Dataset section Block Start
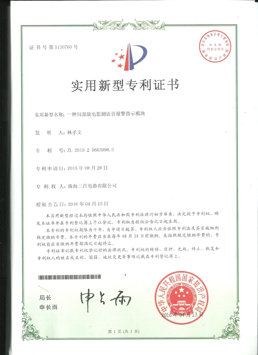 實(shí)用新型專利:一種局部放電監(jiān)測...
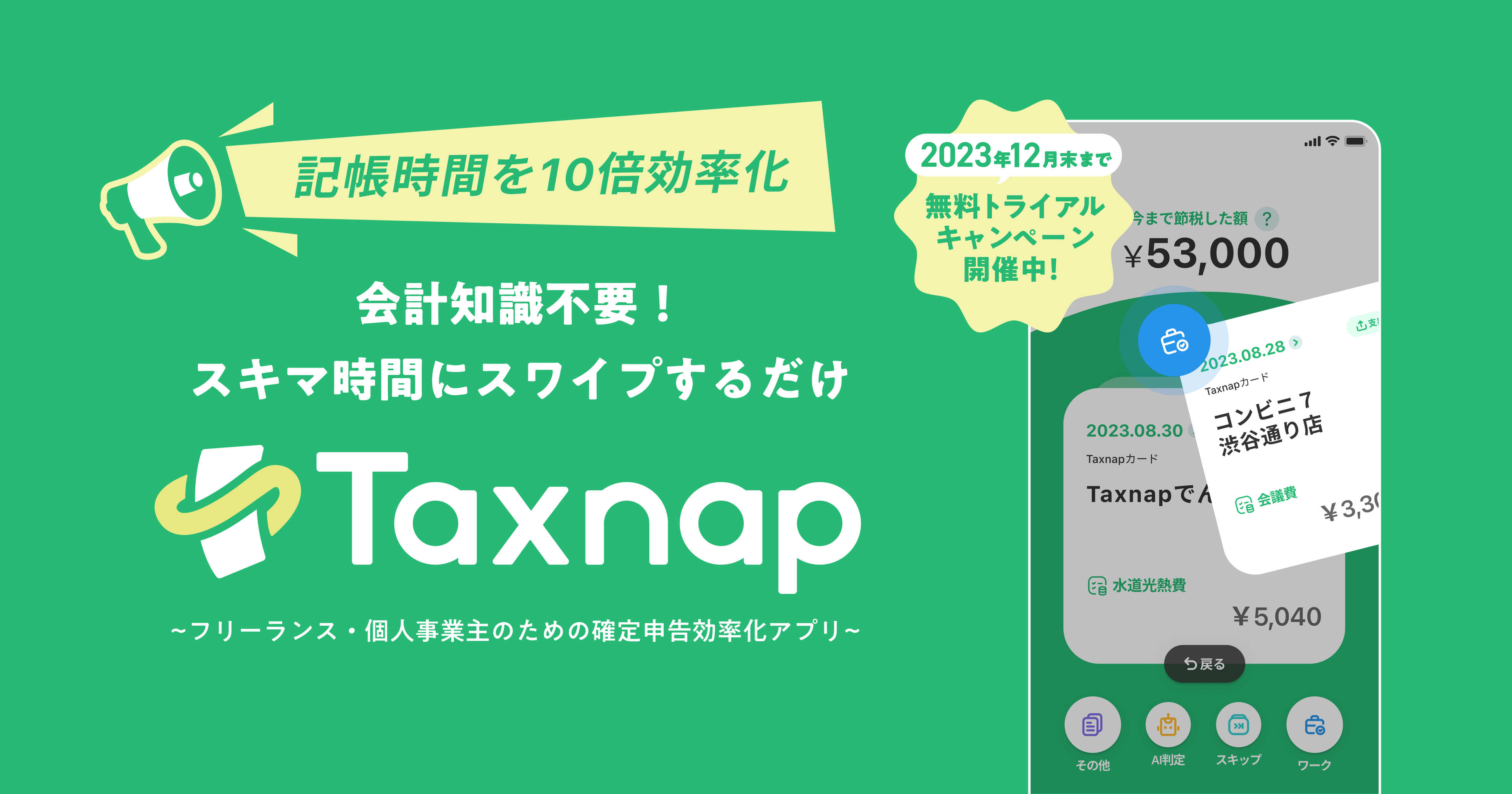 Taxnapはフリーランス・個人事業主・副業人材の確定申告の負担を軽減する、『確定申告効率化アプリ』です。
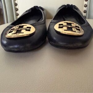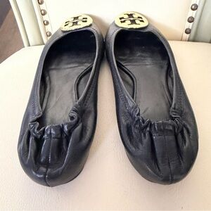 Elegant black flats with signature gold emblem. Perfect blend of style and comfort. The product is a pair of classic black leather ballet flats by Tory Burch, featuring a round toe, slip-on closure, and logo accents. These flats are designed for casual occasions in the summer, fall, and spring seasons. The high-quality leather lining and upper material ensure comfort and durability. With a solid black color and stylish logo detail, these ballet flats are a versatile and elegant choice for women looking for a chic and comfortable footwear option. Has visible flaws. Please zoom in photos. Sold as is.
Dataset section Block End
_Problem to work on_: Please return the lines above exactly, with the pictures omitted.

_Answer area_:
 實(shí)用新型專利:一種局部放電監(jiān)測...
 Taxnapはフリーランス・個人事業主・副業人材の確定申告の負担を軽減する、『確定申告効率化アプリ』です。
 Elegant black flats with signature gold emblem. Perfect blend of style and comfort. The product is a pair of classic black leather ballet flats by Tory Burch, featuring a round toe, slip-on closure, and logo accents. These flats are designed for casual occasions in the summer, fall, and spring seasons. The high-quality leather lining and upper material ensure comfort and durability. With a solid black color and stylish logo detail, these ballet flats are a versatile and elegant choice for women looking for a chic and comfortable footwear option. Has visible flaws. Please zoom in photos. Sold as is.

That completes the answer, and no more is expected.